- _What the task asks_: Only the lines from the opening of the material through the line bearing "The Black Sassyn" should be reproduced, exactly and without pictures.
Material provided Start Marker
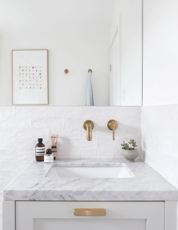 Màu trắng sáng, đá cẩm thạch mát mẻ và màu đồng cho phòng tắm một cái nhìn gắn kết, nhưng tinh tế. Để giữ cho bức tường phòng tắm không bị trống trải, có thể trang trí một khung hình với những chi tiết cá tính, nghệ thuật.
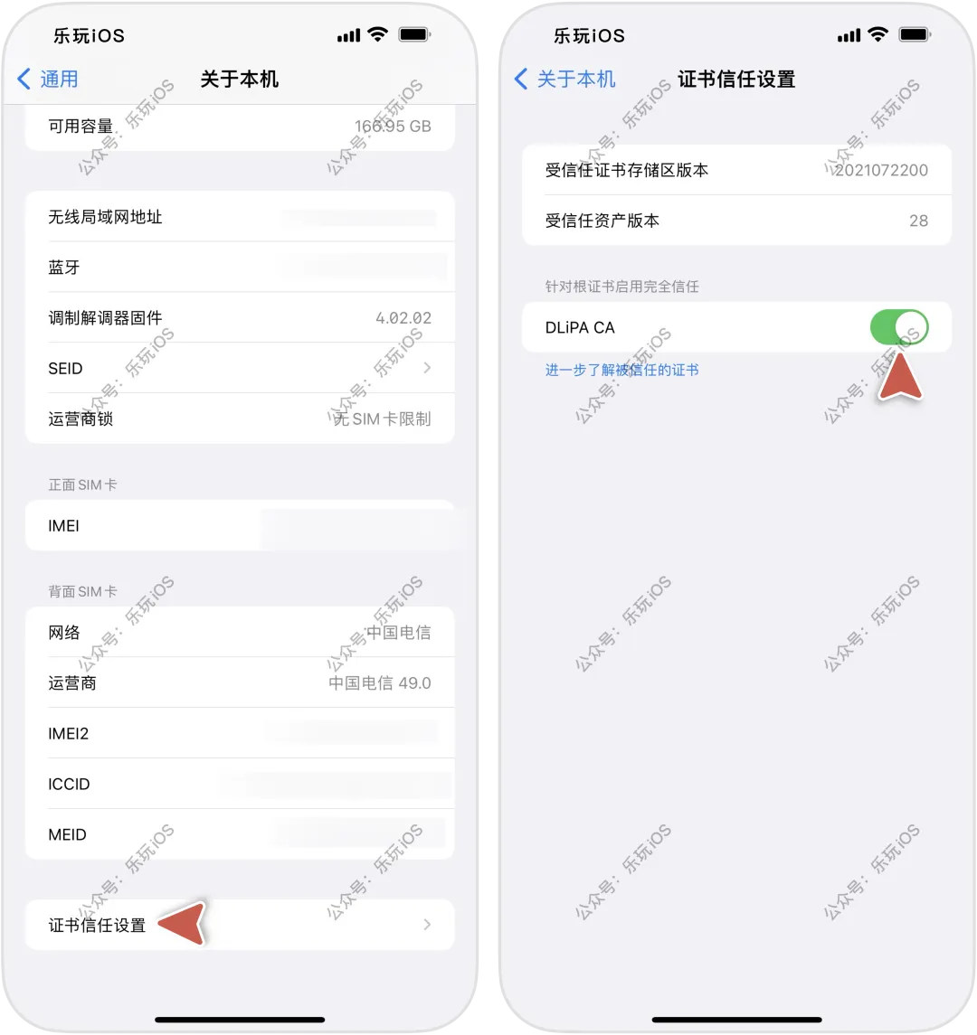 3、打开设置 > 通用 > 关于本机,下拉底部点击「证书信任设置」,打开DLiPA CA的按钮即可
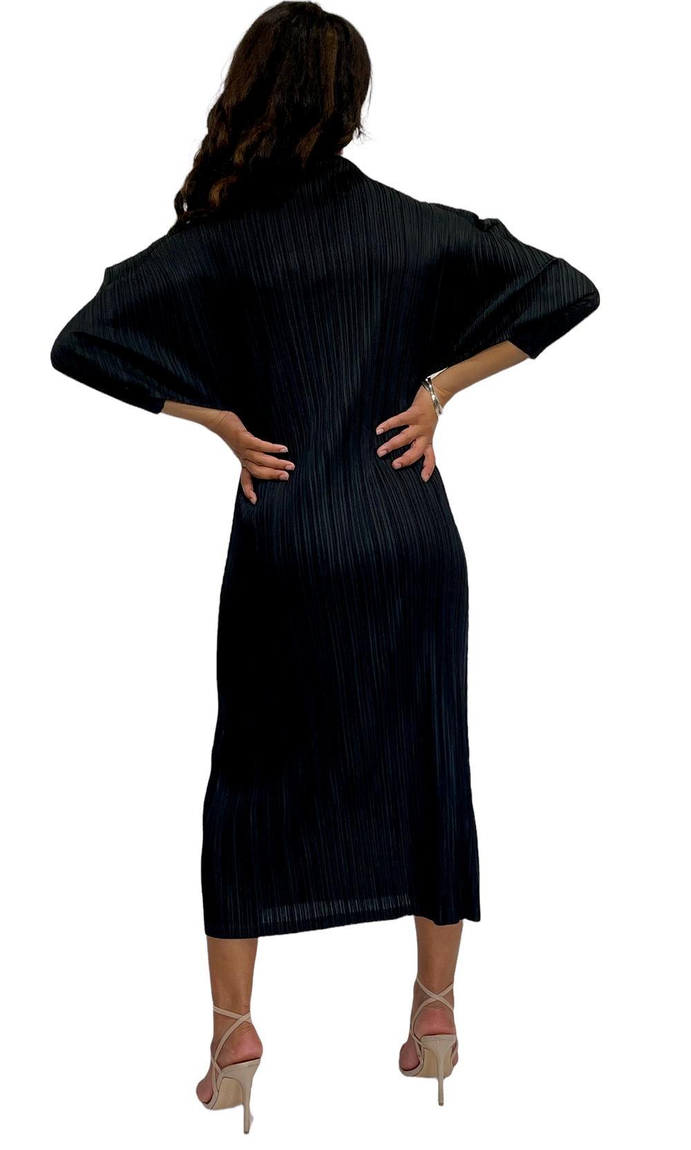 The Black Sassyn Batwing-Sleeve Dress is a must-have for any fashionista. This pleated midi-dress is made of 100% polyester, making it stretchy and comfortable. The batwing sleeves add a touch of elegance to the dress, making it perfect for any occasion.
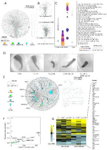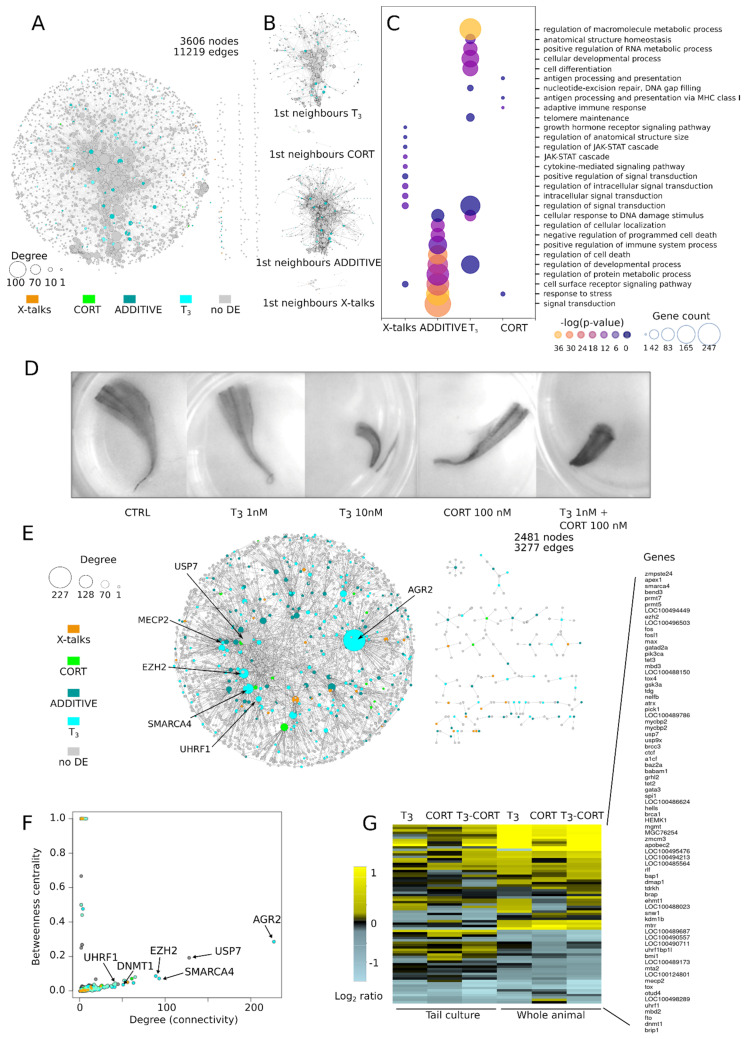 Figure 4. System level modeling of transcriptional responses identify the DNA methylation dynamic as a major mediator of tailfin regression. Only transcriptional responses displaying consistent expression between explants culture and whole animals are considered. (A) Network of KEGG pathways. (B) DE genes together with their first neighbors in the network, forming densely connected sub-networks. (C) GO analysis of the sub-networks highlighting terms such as cell death, DNA damages, and DNA repair. (D) Tail regression test in vitro. Synergistic action of T3 and CORT after 3 day treatments. (E,F) Protein-Protein Interactions network and identification of hubs. Most DE protein complexes relate to DNA methylation. (G) Heatmap of expression levels of genes involved in DNA methylation. |
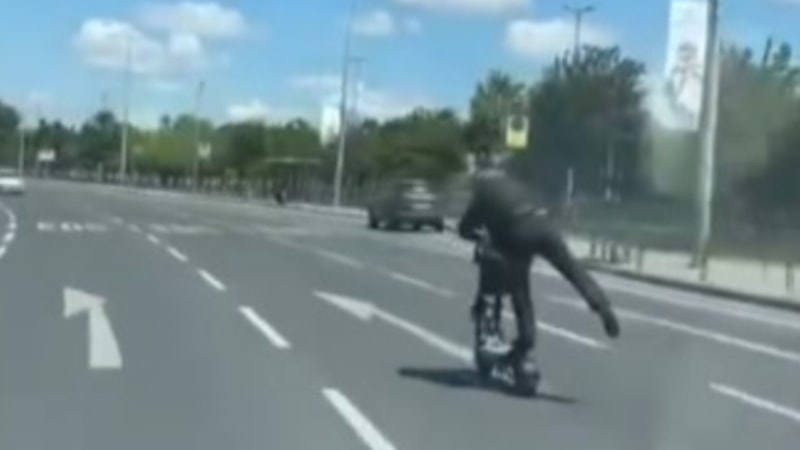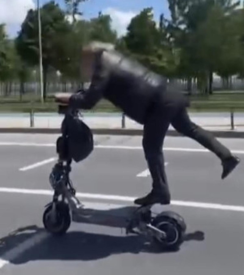 Kayda alınan görüntülerde, elektrikli scooterla yolculuk yapan bir kişinin tehlikeli hareketlerde bulunduğu görüldü.
Material provided End Marker
- _Problem solution_:
 Màu trắng sáng, đá cẩm thạch mát mẻ và màu đồng cho phòng tắm một cái nhìn gắn kết, nhưng tinh tế. Để giữ cho bức tường phòng tắm không bị trống trải, có thể trang trí một khung hình với những chi tiết cá tính, nghệ thuật.
 3、打开设置 > 通用 > 关于本机,下拉底部点击「证书信任设置」,打开DLiPA CA的按钮即可
 The Black Sassyn Batwing-Sleeve Dress is a must-have for any fashionista. This pleated midi-dress is made of 100% polyester, making it stretchy and comfortable. The batwing sleeves add a touch of elegance to the dress, making it perfect for any occasion.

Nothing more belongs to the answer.